# Can poodles tuck their tails?



## tortoise (Feb 5, 2012)

lol, love the tail settings. My mpoo does tuck his tail. But he also seems very uncomfortable when I hold his tail up to stack him for photos so maybe there is just something (else) wrong with his structure. His tail set is not like I've seen in any structure diagrams.

If teaching tail tuck is unsuccesful you can turn her around so her head is facing out instead of her tail. It will take some extra self-control/leave it training since it is a tempting position. Does that make sense?


----------



## Marcie (Aug 2, 2011)

Yes, both my girls tuck their tails. Especially when they are sitting next to me watching TV. I like to try and brush them every night and when I get to tails, boy can they clamp their tails under their bottoms.


----------



## msminnamouse (Nov 4, 2010)

My favorite way to teach a tail tuck is to shape one. Tickle the tail until they tuck it and then mark and treat. Keep doing it until you get a reliable tail tuck before you put the cue word to it. 

I don't like grabbing a tail and forcing it into position. Molding doesn't foster much thinking. Tickling is fun, silly and completely non-threatening. It's also a reflex so the dog is learning to move their own tail into position.

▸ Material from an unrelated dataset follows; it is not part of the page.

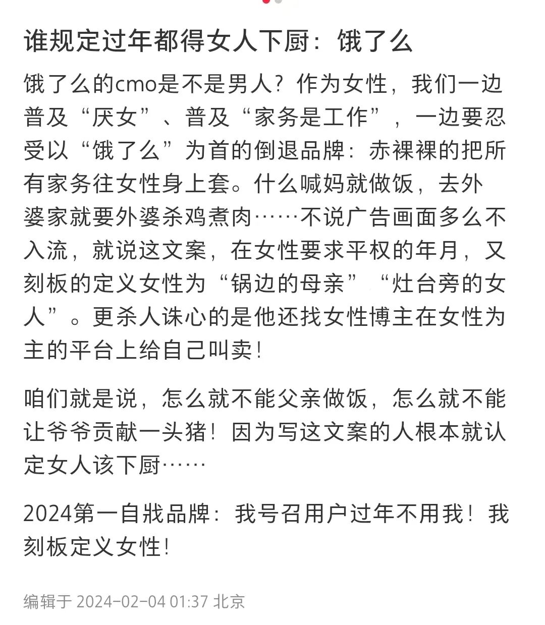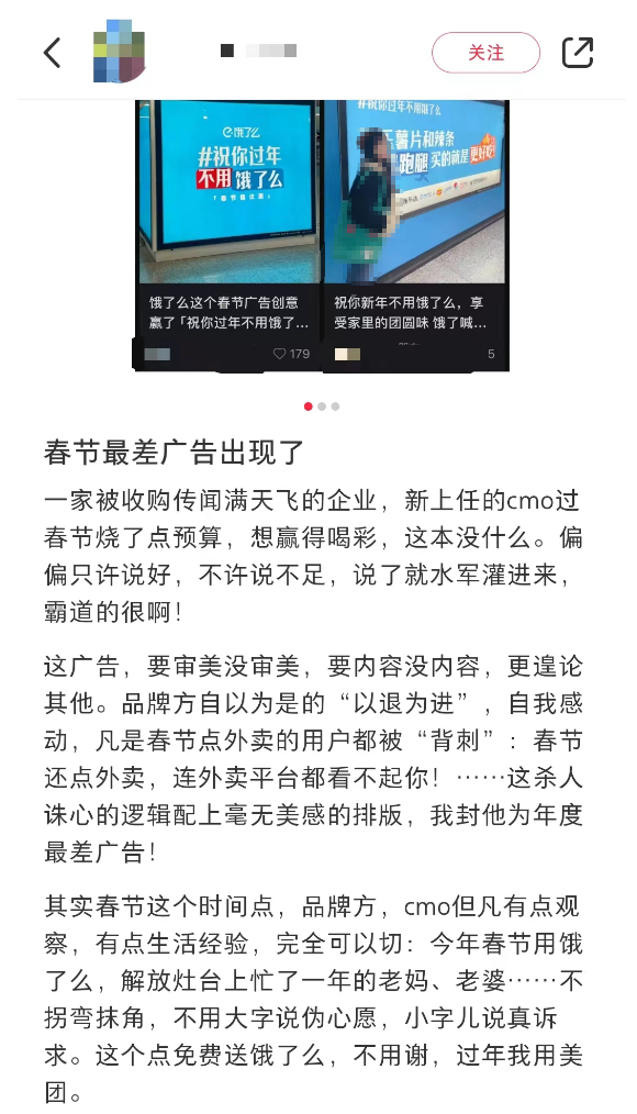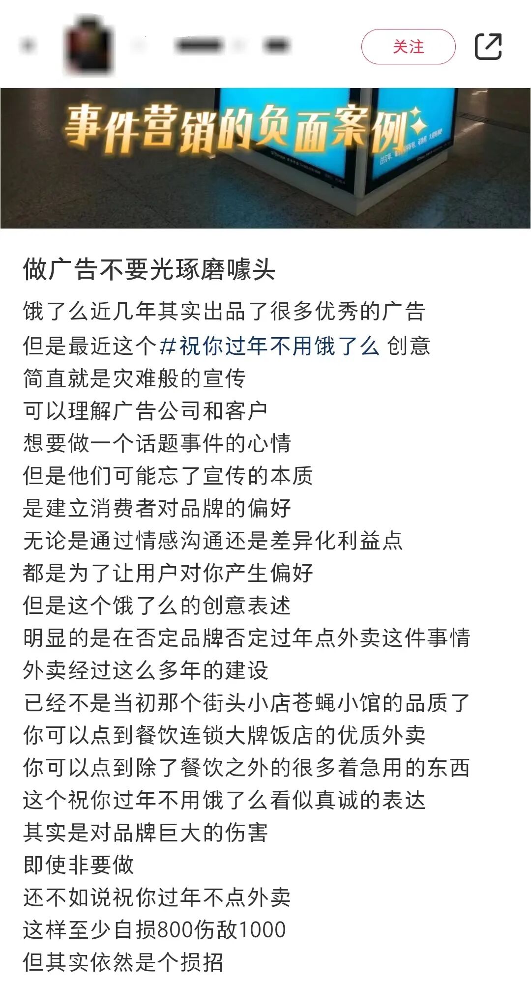 还有觉得做广告不要光琢磨噱头,祝你过年不用饿了么看似真诚的表达,其实是对品牌巨大的伤害。

Long tails are VERY important to have tucked. I've heard awful stories of people purposely and accidentally running carts over tails and stomping on them, etc.


----------



## Harrymummy (Aug 27, 2012)

Harry has up, down, waggle -and tucked in tail setting. Admittedly I get upset when it's tucked as worry he is upset, but now see it can some other use!! ?


----------



## Fluffyspoos (Aug 11, 2009)

Vegas' tail practically touches his belly when he gets a bath, but I can see how it would be important in your case, I think msminnamouse has some good advice.


----------